An improved exact sampling algorithm for the standard normal distribution

Abstract

In 2016, Karney proposed an exact sampling algorithm for the standard normal distribution. In this paper, we study the computational complexity of this algorithm under the random deviate model. Specifically, Karney’s algorithm requires the access to an infinite sequence of independently and uniformly random deviates over the range (0, 1). We give a theoretical estimate of the expected number of uniform deviates used by this algorithm until it completes, and present an improved algorithm with lower uniform deviate consumption.
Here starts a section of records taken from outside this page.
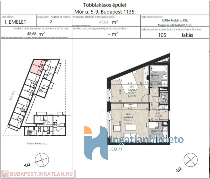 (a másik lakás 47 m2-es, erkély nélküli, I. emeleti és 70,5 M Ft-ba kerül)
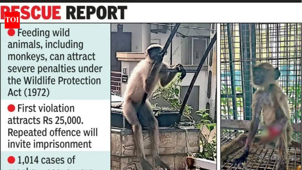 Ahmedabad: Tossing fruits, biscuits and leftovers to monkeys and langurs near temples, housing societies and open grounds was once seen as routine or even charitable. However, with rising incidents of human-animal conflict, it may no longer be seen as a harmless act. The Gujarat forest department has begun cracking down on the practice, warning that it will now be treated as a violation under the Wildlife Protection Act.The department has now stepped up awareness drives along with enforcement. A first offence of feeding monkeys or langurs can attract a fine of Rs 25,000, while repeated violations may lead to imprisonment. Rescue teams have also been asked to closely monitor behaviour in areas where aggression is increasing.Officials say the situation has moved beyond a nuisance and become a public safety concern. In Ahmedabad, many emergency calls now involve monkey bites, attacks or monkeys entering homes in search of food.Casual feeding has altered animal behaviour, leading to a growing wildlife challenge in urban spaces, say experts. Instead of passing through the city occasionally, monkeys have begun setting in empty plots, tree-lined colonies and neglected grounds, increasing daily contact with humans and raising the risk of conflict.The scale of the problem is evident in official data. During the Dec 2024 census, Ahmedabad’s monkey population was recorded at 4,602, nearly double compared to five years earlier. have gradually turned into regular habitats for primates.The forest department has identified 198 locations across the city where monkey and langur presence is a recurring issue. Areas such as Vastrapur, Navrangpura, Thaltej, Bopal, Ghuma, Ambawadi, Paldi, Shahibaug, Chandkheda, Kubernagar, Naroda, Narol, Sabarmati, Bilasiya, Maninagar, and Asarwa are among the worst-affected.In some pockets, the situation has turned alarming. Chanakyapuri alone reported 20 incidents of monkey bites. Across the city, around 40 bite cases are being reported every month. In Gomtipur, authorities recently launched an operation to capture a monkey after it bit 12 people within five days.Officials say feeding is a key trigger behind this behaviour. Under the Wildlife Protection Act, 1972, amended in 2022, monkeys and hanuman langurs are protected under Schedule II. Feeding them is legally treated as baiting, which is considered a serious offence. “Feeding encourages dependence and aggression, which leads to more conflict situations,” said Minal Jani, deputy conservator of forest, Ahmedabad.The change is also visible in rescue operations. The Human-Langur Interaction Survey revealed the scale of the challenge. Data from the Wildlife Rescue Centre in Ahmedabad shows 1,014 langur-related rescue cases between Jan 2025 and Dec 2025. In just the first two-and-a-half months of 2026, from Jan 1 to March 15, another 70 rescues were recorded from 33 locations.Residents say the impact is being felt daily. Social worker Harshad Patel from Amraiwadi said that his society alone reported more than five incidents of bites or property damage in six months.
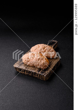 Roast pork tender loin steak, neck meat. wooden background. top view
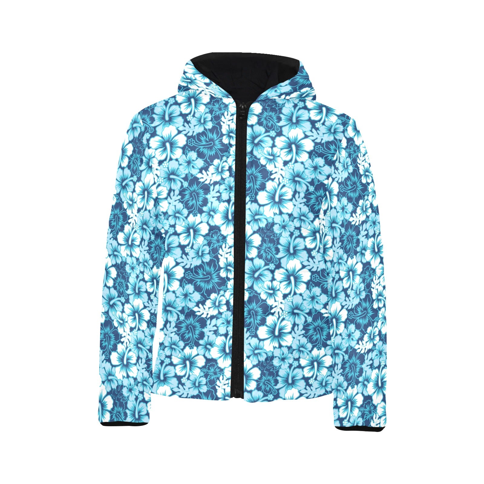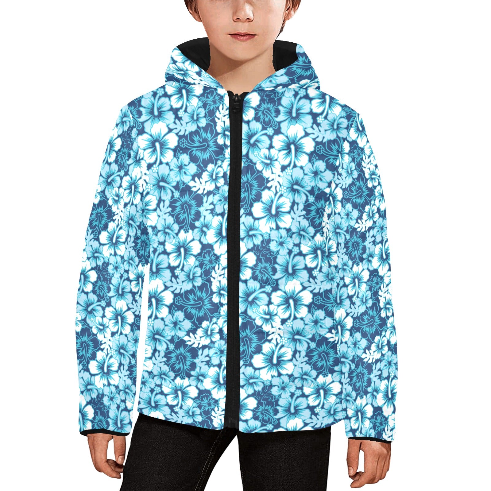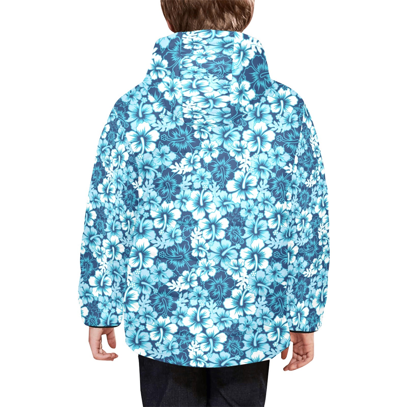 Hibiscus Pattern Print Design 03 Kids' Boys' Girls' Padded Hooded Jacket

The experimental results also shows that our improved algorithm has better performance than Karney’s algorithm.

Appendix

1.1 The Proof of Proposition 1

Proof

Let \(p_1=1/\sqrt{e}\) and \(p_0=1-p_1\). Assume that \(k\ge 0\) is an integer which is generated in step 1. Then, the expected number of Bernoulli random values from \({\mathcal {B}}_{p_1}\) used by step 1 conforms to a geometric distribution. Its expected value is

$$\begin{aligned} 1+p_1+p_1^2+\ldots =\sum _{k=0}^\infty p_1^k=1/p_0. \end{aligned}$$

In step 2 for a given \(k\ge 0\), the expected number of Bernoulli random values used by step 2 is

$$\begin{aligned} \sum _{j=1}^{k(k-1)-1}(p_1^{j-1}p_0)j+p_1^{k(k-1)-1}k(k-1)=\sum _{j=0}^{k(k-1)-1}p_1^j=\frac{1-p_1^{k(k-1)}}{p_0} \end{aligned}$$

In particular, if \(k=0\) or \(k=1\), then k is directly accepted in step 2. Then, on average, the expected number of Bernoulli random values used by step 2 is

$$\begin{aligned} \sum _{k=2}^\infty (p_1^kp_0)\frac{1-p_1^{k(k-1)}}{p_0}=\sum _{k=2}^\infty (p_1^k-p_1^{k^2})=\sum _{k=0}^\infty (p_1^k-p_1^{k^2})=1/p_0-G, \end{aligned}$$

where \(G=\sum _{k=0}^\infty p_1^{k^2}\). Therefore, the expected number of Bernoulli random values from \({\mathcal {B}}_{p_1}\) used by Algorithm 1 for executing both steps 1 and 2 can be given by

$$\begin{aligned} 1/p_0+1/p_0-G=2/p_0-G\approx 3.32967. \end{aligned}$$

Furthermore, the probability of Algorithm 1 not going back to step 1 in step 2 is \(\sum _{k=0}^\infty p_1^{k^2}p_0\approx 0.689875\). So, the expected number of Bernoulli random values from \({\mathcal {B}}_{p_1}\) used by Algorithm 1 for successfully generating an integer from \({\mathcal {D}}_{{\mathbb {Z}}^+,1}\) is about \(3.32967/0.689875\approx 4.82649\). \(\square \)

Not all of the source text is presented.